AIM OF THE TASK =
Send back the line that contains "(Letecký pohled na" and all lines following it through the end of the data below, exactly, omitting pictures.

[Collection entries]
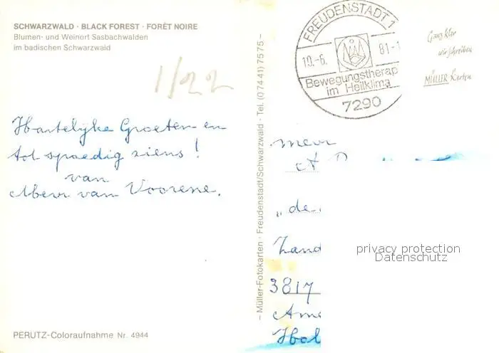 Sasbachwalden Blumen- und Weinort Sasbachwalden postalisch gelaufen 1981 Erhaltung siehe scans [LiesaD40] LiesID40
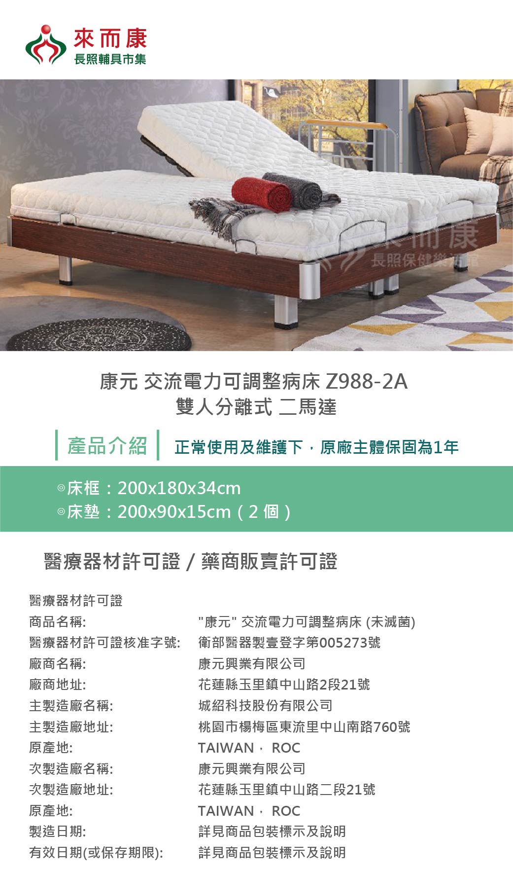 康元 交流電力可調整病床 Z988-2A 雙人分離式 二馬達 電動床補助 附加功能B款 雙人電動床
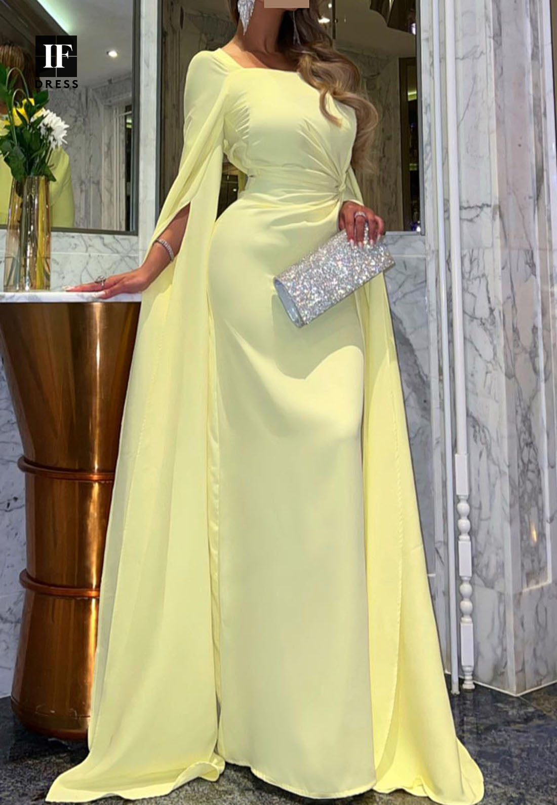 Square-Neck Cape-Sleeves Mermaid Evening Dress Floor-Length Pleated Chiffon Formal Gowns
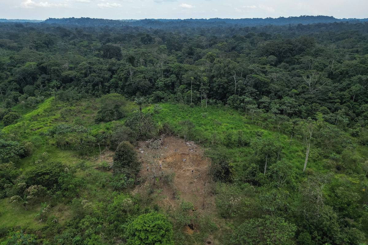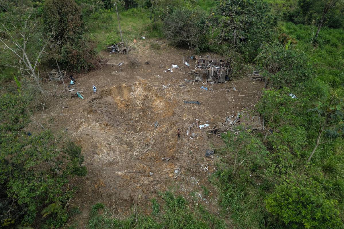 (Letecký pohled na škody způsobené bombou svrženou ekvádorskou armádou v oblasti Lago Agrio v provincii Sucumbios v Ekvádoru, na hranicích s Kolumbií, vyfoceno 18. března.)
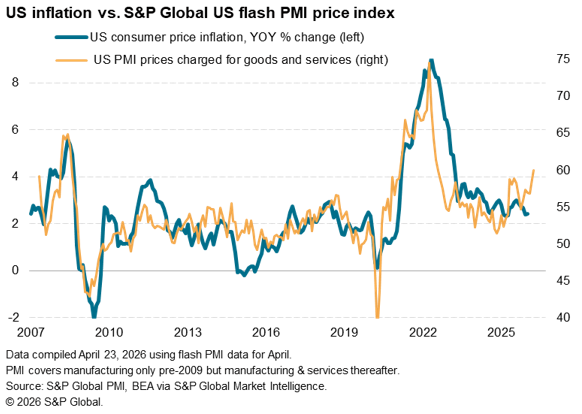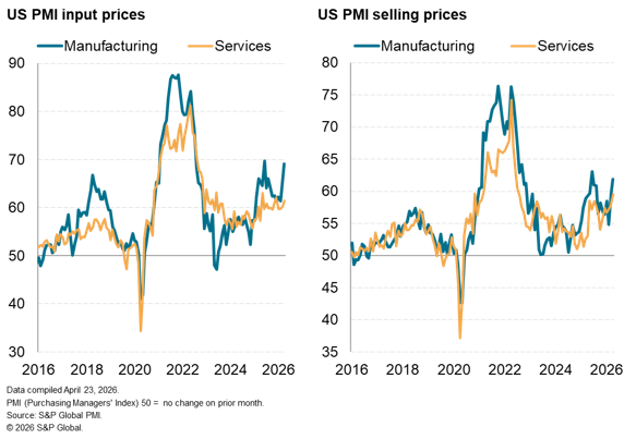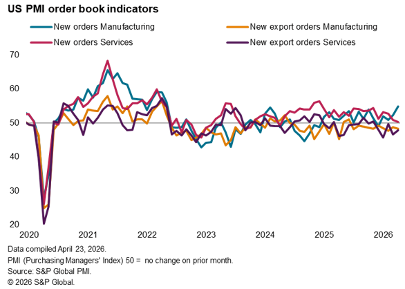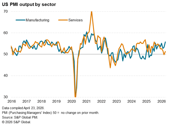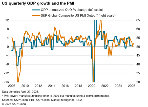 The flash US PMI survey data from S&P Global indicated a muted rebound in business activity in April, after growth had almost stalled in March on the outbreak of war in the Middle East. However, part of the rebound reflected a short-term boost from stockpiling as companies feared supply shortages emanating from the conflict.
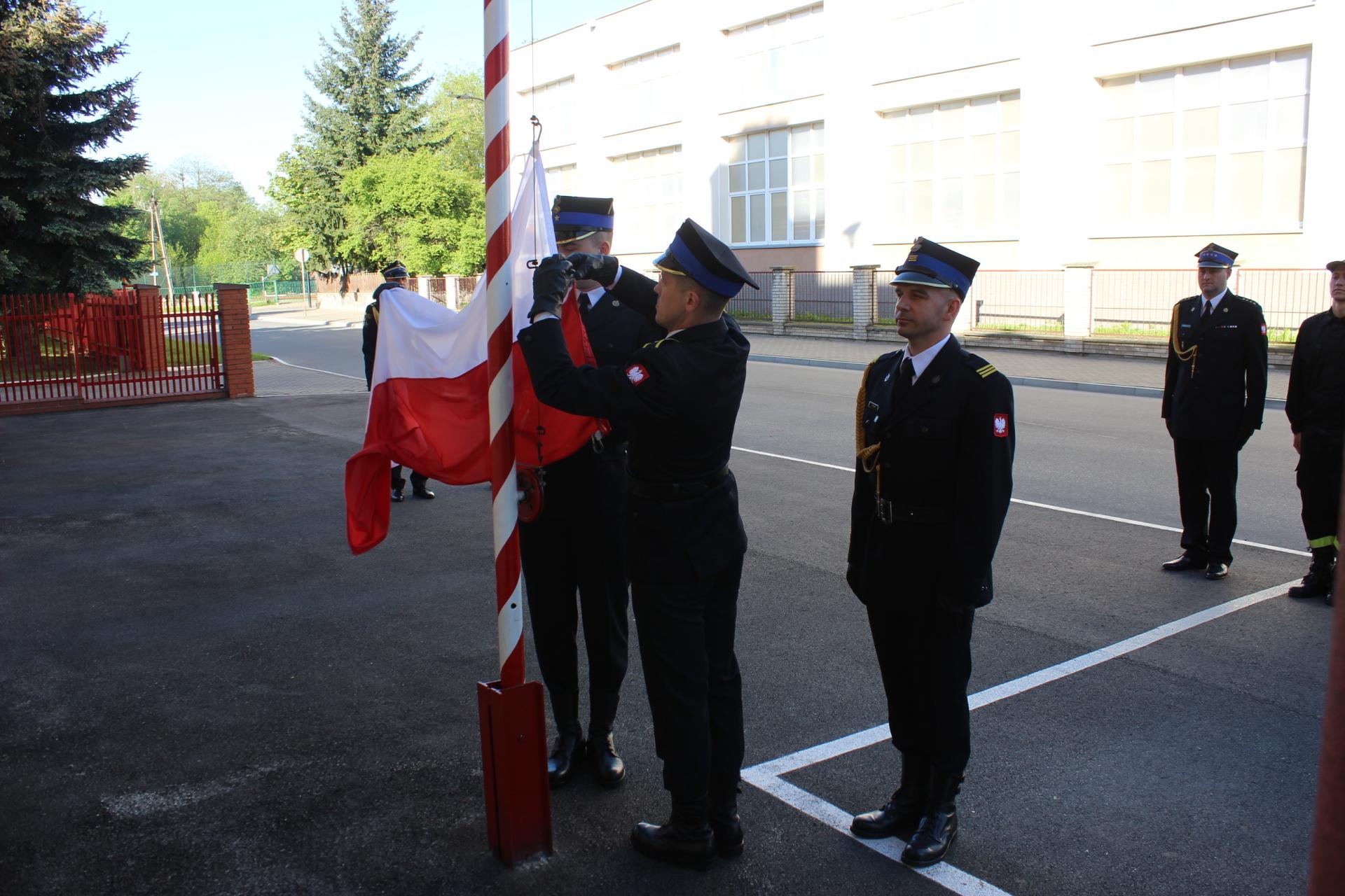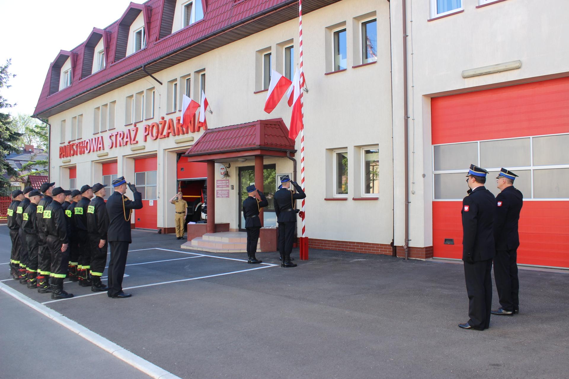 Podczas zbiórki nastąpiło uroczyste podniesienie flagi państwowej na maszt. W uroczystości uczestniczył Komendant Powiatowy PSP w Bielsku Podlaskim mł.bryg. Wojciech Kusznerko wraz z Zastępcą Komendanta Powiatowego PSP w Bielsku Podlaskim bryg. Marcinem Sawickim oraz funkcjonariusze bielskiej komendy.
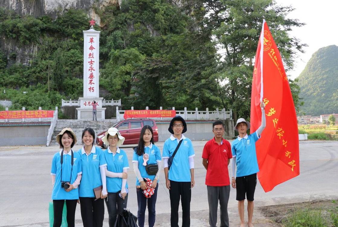 指实践队员在古蓬镇古思起义纪念碑前合影

SOLUTION FOR THIS TASK =
 (Letecký pohled na škody způsobené bombou svrženou ekvádorskou armádou v oblasti Lago Agrio v provincii Sucumbios v Ekvádoru, na hranicích s Kolumbií, vyfoceno 18. března.)
 The flash US PMI survey data from S&P Global indicated a muted rebound in business activity in April, after growth had almost stalled in March on the outbreak of war in the Middle East. However, part of the rebound reflected a short-term boost from stockpiling as companies feared supply shortages emanating from the conflict.
 Podczas zbiórki nastąpiło uroczyste podniesienie flagi państwowej na maszt. W uroczystości uczestniczył Komendant Powiatowy PSP w Bielsku Podlaskim mł.bryg. Wojciech Kusznerko wraz z Zastępcą Komendanta Powiatowego PSP w Bielsku Podlaskim bryg. Marcinem Sawickim oraz funkcjonariusze bielskiej komendy.
 指实践队员在古蓬镇古思起义纪念碑前合影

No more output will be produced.